*** GIVEN DATA

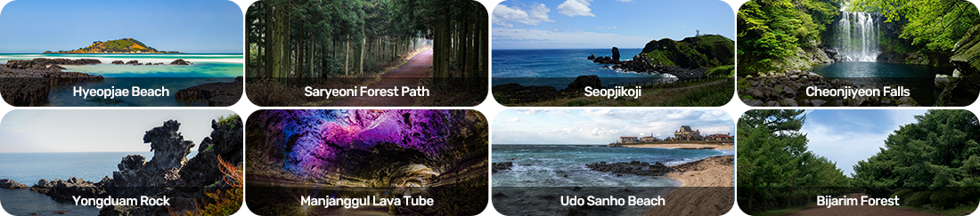Jeju Island is a unique place worldwide, holding the honors of the natural science area such as UNESCO World Biosphere Reserve [2002], UNESCO World Natural Heritage Site [2007] and UNESCO World Geoparks Network [2010]. Jeju Island also consists of all elements for global natural sight theme, including island, volcano, waterfall, beaches, national park, cave and forest.
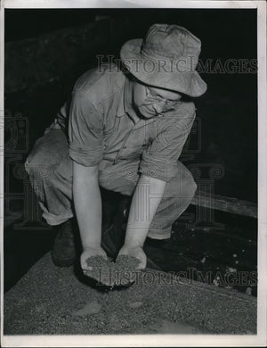 1947 Press Photo James Bonesteel Examines 500 Tons Of Lead Shotgun Pellets
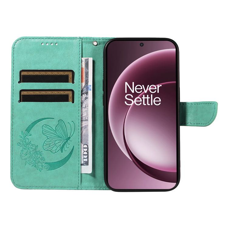 OnePlus 15 5G Plånboksfodral Butterfly Pattern PU Läder - Grön
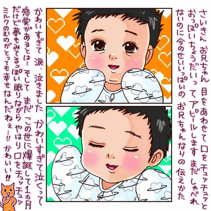 中川さんは、「目をあわせて 口をチュッチュッと おっぱいちょうだいってアピールします」「せいいっぱいの お兄ちゃんのなりの伝えかた かわいすぎて 涙、泣きました」と我が子にデレデレな様子。続けて、「親バカになってしまうけどみんな親バカになっちゃうよねきっと!その気持ちの持って行き先が 絵日記になってます」とつづりました。

******

## EXERCISE REQUIREMENTS
Only the lines from the first line of the listing above through the line with "1947 Press Photo" should be set down, exactly and without pictures.

## RESPONSE BELOW
Jeju Island is a unique place worldwide, holding the honors of the natural science area such as UNESCO World Biosphere Reserve [2002], UNESCO World Natural Heritage Site [2007] and UNESCO World Geoparks Network [2010]. Jeju Island also consists of all elements for global natural sight theme, including island, volcano, waterfall, beaches, national park, cave and forest.
 1947 Press Photo James Bonesteel Examines 500 Tons Of Lead Shotgun Pellets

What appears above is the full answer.